#### Stored data:
______________________________
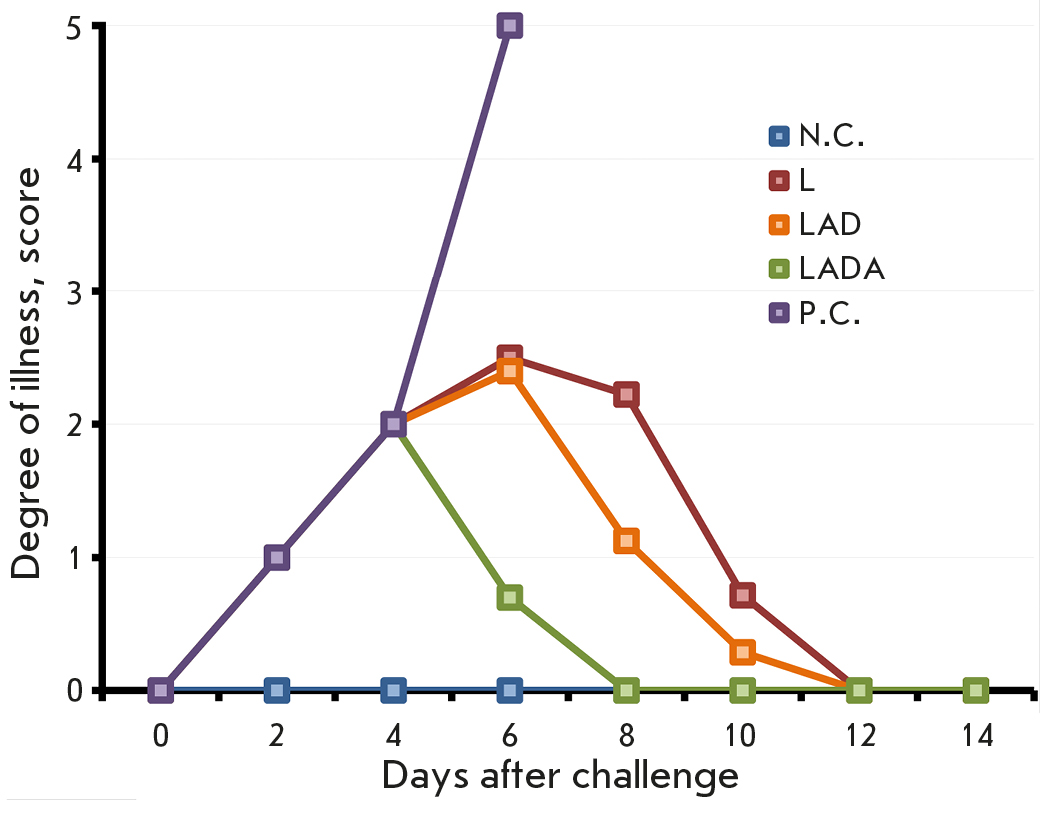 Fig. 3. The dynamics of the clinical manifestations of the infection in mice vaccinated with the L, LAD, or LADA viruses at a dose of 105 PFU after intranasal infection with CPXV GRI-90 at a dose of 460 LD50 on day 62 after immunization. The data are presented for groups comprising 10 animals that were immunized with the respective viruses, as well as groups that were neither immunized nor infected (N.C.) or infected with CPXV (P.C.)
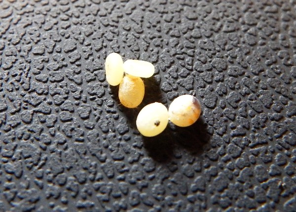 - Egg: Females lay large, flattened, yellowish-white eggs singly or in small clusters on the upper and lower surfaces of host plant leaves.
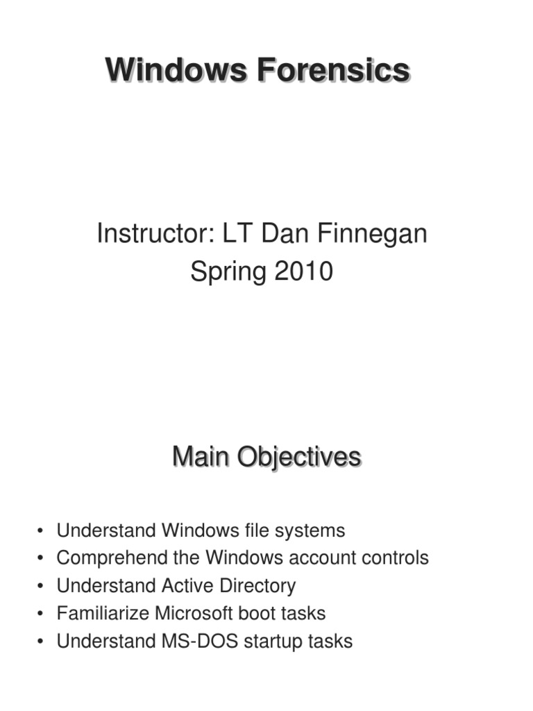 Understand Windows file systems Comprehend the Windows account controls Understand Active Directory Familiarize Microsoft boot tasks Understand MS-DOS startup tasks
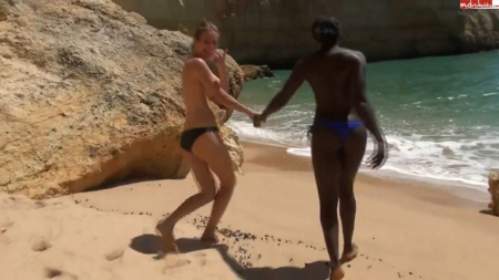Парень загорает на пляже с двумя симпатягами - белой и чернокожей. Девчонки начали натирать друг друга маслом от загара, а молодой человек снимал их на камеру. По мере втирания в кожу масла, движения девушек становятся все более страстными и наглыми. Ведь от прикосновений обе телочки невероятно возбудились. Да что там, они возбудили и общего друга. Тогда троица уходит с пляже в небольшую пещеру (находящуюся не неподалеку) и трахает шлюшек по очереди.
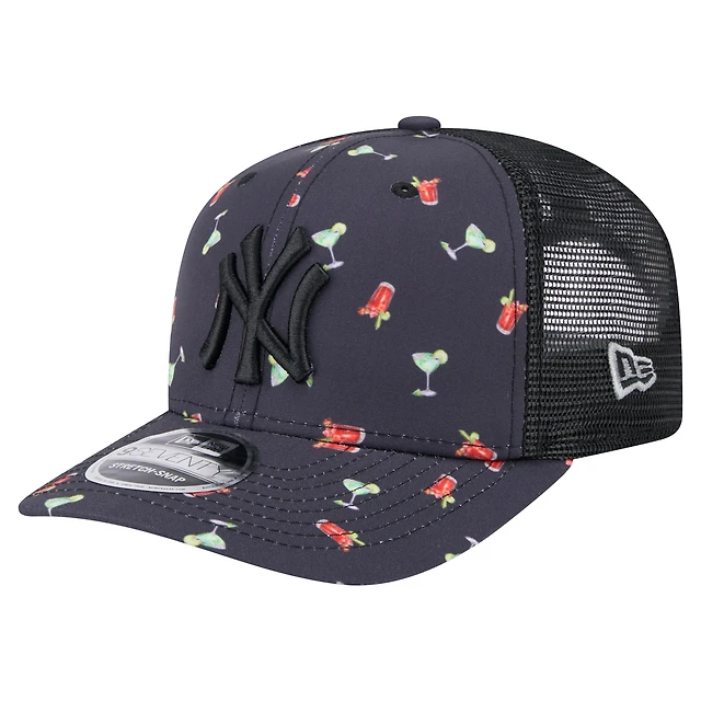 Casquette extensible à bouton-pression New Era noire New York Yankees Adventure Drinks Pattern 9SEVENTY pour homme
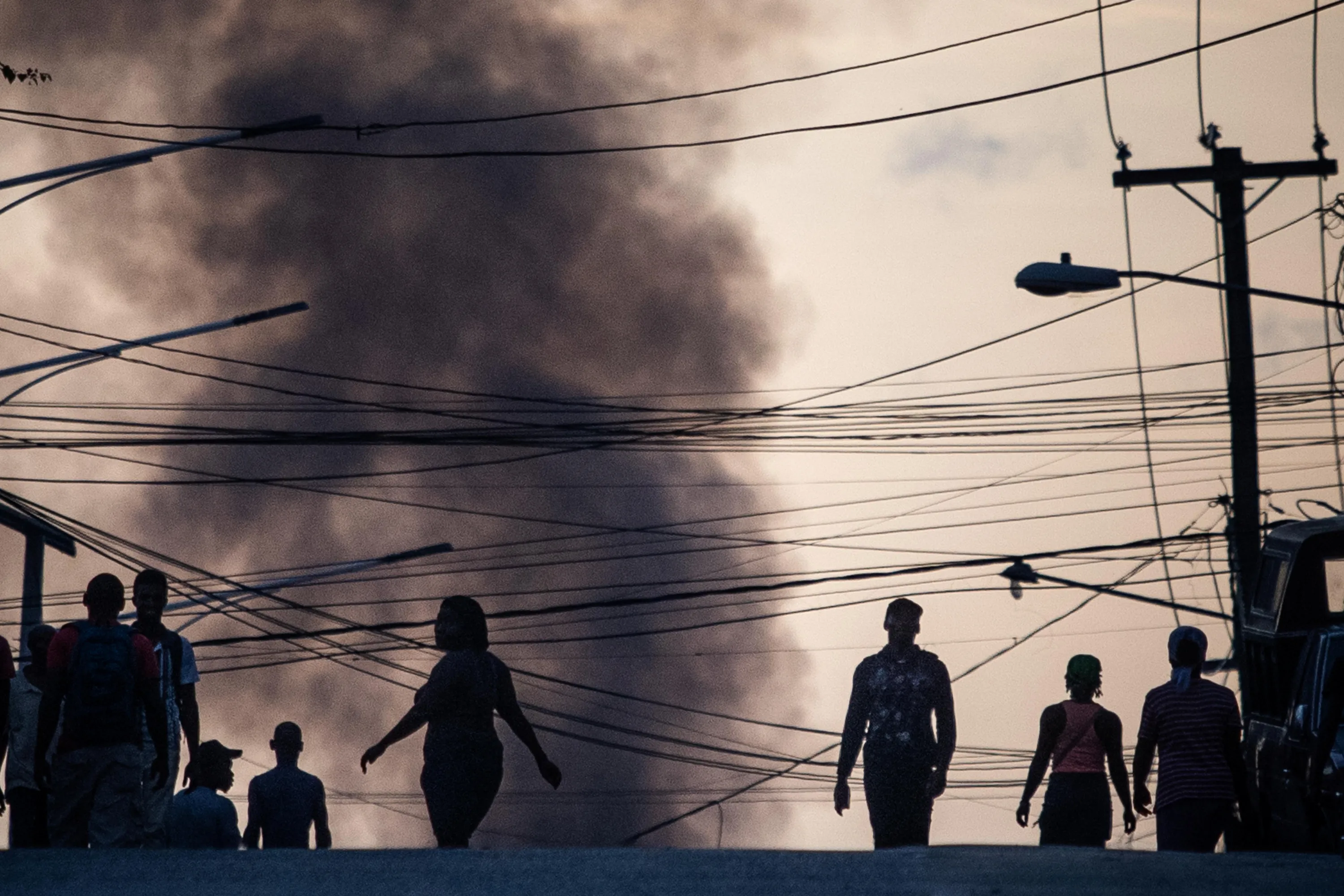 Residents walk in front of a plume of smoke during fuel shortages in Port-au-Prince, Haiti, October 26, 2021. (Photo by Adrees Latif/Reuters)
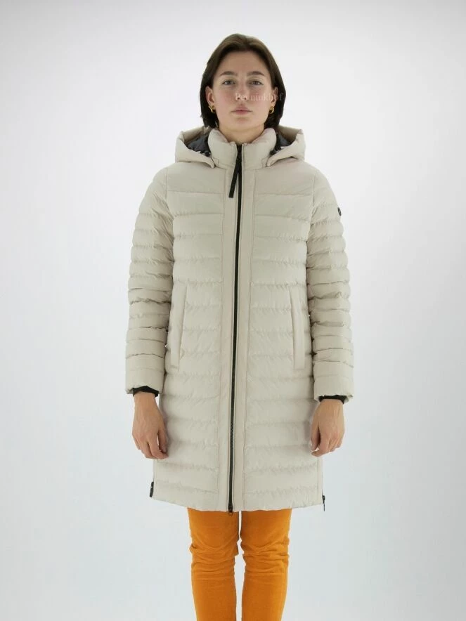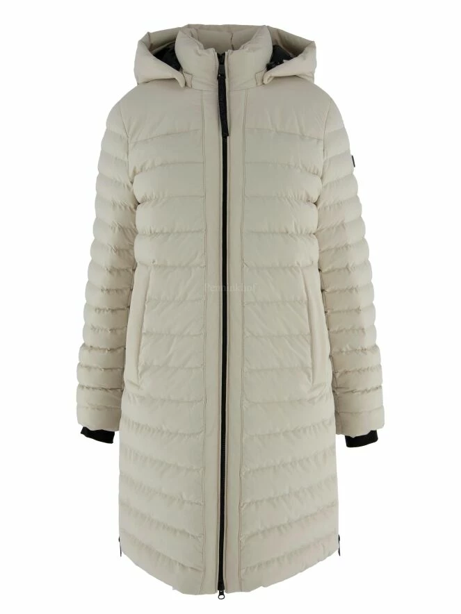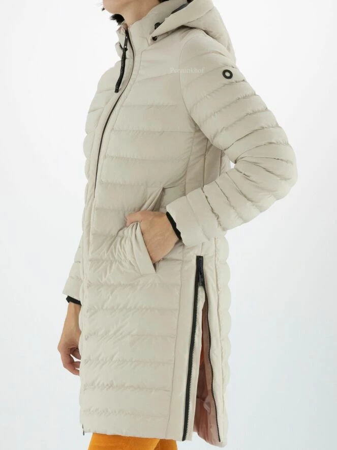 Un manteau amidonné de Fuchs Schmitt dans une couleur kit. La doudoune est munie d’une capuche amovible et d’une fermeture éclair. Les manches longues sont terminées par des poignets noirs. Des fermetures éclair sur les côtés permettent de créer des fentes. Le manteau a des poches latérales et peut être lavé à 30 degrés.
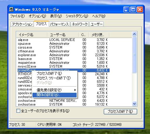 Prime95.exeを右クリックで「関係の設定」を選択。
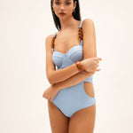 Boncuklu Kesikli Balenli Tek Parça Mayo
______________________________
#### Brief:
After locating the line containing "Un manteau amidonné" in the entries above, repeat only it and each later line through the end, exactly, without any pictures.

#### Problem solution:
 Un manteau amidonné de Fuchs Schmitt dans une couleur kit. La doudoune est munie d’une capuche amovible et d’une fermeture éclair. Les manches longues sont terminées par des poignets noirs. Des fermetures éclair sur les côtés permettent de créer des fentes. Le manteau a des poches latérales et peut être lavé à 30 degrés.
 Prime95.exeを右クリックで「関係の設定」を選択。
 Boncuklu Kesikli Balenli Tek Parça Mayo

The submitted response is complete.